TASK STATEMENT →
Among the entries below, extract exactly the lines that run from the one with "Bílá kovová stínítka" through the one with "Jio and Lia", both ends included.

RECORDED INFORMATION →
-.-.-
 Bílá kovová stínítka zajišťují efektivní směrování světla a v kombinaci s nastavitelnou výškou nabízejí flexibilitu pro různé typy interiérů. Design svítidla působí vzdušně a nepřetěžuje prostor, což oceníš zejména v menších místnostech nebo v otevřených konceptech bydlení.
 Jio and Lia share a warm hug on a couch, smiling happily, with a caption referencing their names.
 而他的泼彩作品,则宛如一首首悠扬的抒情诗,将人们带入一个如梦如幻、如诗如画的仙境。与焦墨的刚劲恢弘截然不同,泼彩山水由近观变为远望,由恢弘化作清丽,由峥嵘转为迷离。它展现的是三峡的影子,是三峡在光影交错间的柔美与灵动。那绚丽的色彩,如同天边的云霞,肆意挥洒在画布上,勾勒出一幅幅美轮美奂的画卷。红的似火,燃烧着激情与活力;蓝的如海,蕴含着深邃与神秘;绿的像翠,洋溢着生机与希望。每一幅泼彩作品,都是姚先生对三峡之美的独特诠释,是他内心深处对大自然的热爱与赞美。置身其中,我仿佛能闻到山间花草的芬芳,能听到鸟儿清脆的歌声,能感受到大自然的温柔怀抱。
-.-.-
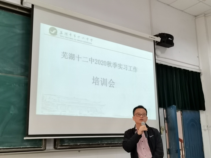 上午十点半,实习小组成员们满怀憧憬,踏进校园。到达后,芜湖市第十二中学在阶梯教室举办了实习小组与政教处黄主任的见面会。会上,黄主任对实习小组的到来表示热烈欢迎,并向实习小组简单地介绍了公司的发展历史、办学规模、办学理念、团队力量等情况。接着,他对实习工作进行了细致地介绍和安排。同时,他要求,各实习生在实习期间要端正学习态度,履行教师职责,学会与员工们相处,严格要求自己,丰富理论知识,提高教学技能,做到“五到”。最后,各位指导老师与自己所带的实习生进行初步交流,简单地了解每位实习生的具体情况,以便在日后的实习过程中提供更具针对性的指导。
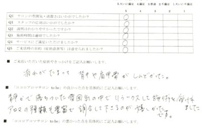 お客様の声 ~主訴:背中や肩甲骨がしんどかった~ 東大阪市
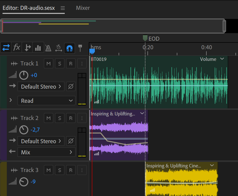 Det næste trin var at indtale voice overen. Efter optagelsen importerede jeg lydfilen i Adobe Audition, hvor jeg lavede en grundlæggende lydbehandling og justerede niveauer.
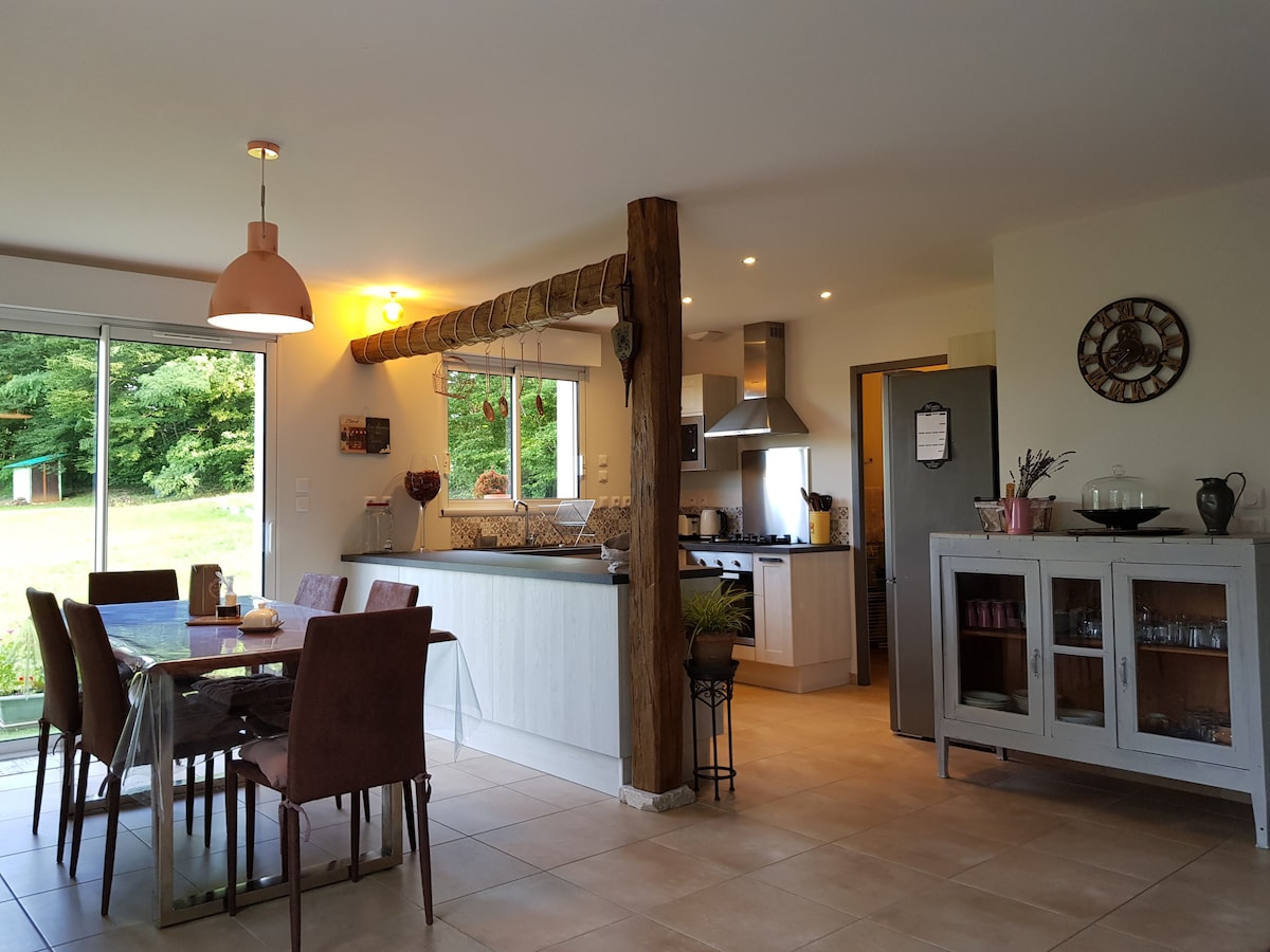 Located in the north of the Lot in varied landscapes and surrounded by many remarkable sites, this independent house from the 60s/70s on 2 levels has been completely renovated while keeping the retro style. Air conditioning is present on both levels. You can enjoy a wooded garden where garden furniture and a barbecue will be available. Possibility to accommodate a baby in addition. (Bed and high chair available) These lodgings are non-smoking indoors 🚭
-.-.-
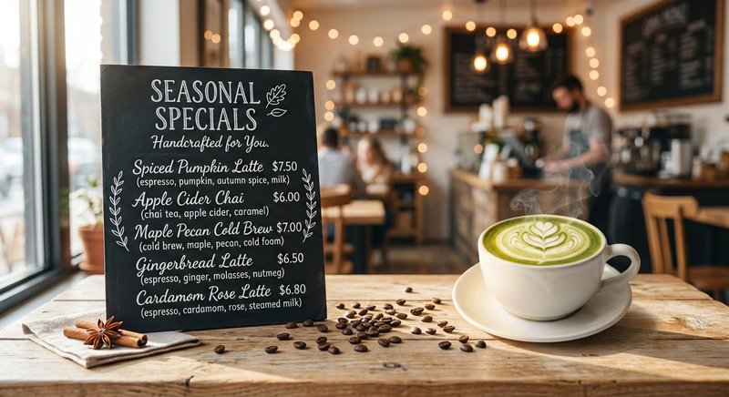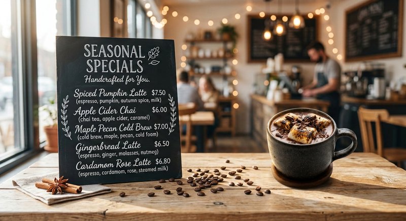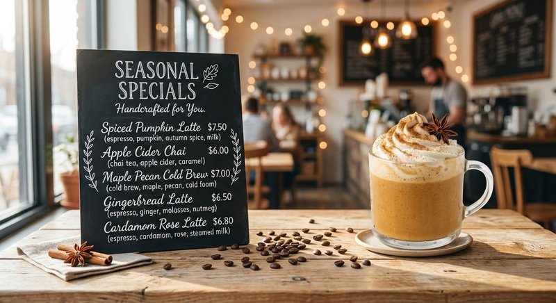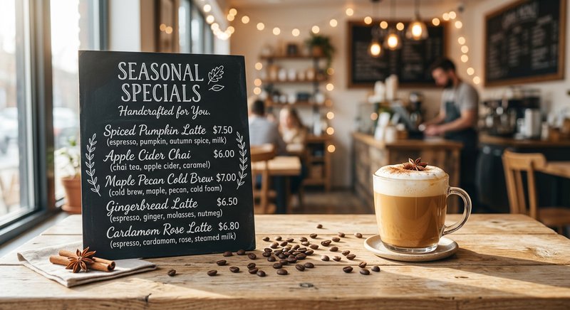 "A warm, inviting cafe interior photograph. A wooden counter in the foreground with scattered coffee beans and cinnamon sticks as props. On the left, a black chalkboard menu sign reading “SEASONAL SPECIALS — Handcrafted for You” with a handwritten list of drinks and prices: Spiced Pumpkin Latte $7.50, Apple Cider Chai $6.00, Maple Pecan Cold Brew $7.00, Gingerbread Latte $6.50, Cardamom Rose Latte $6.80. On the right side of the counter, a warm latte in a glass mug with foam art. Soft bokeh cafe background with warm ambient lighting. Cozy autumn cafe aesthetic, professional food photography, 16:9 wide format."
-.-.-
SOLUTION →
 Bílá kovová stínítka zajišťují efektivní směrování světla a v kombinaci s nastavitelnou výškou nabízejí flexibilitu pro různé typy interiérů. Design svítidla působí vzdušně a nepřetěžuje prostor, což oceníš zejména v menších místnostech nebo v otevřených konceptech bydlení.
 Jio and Lia share a warm hug on a couch, smiling happily, with a caption referencing their names.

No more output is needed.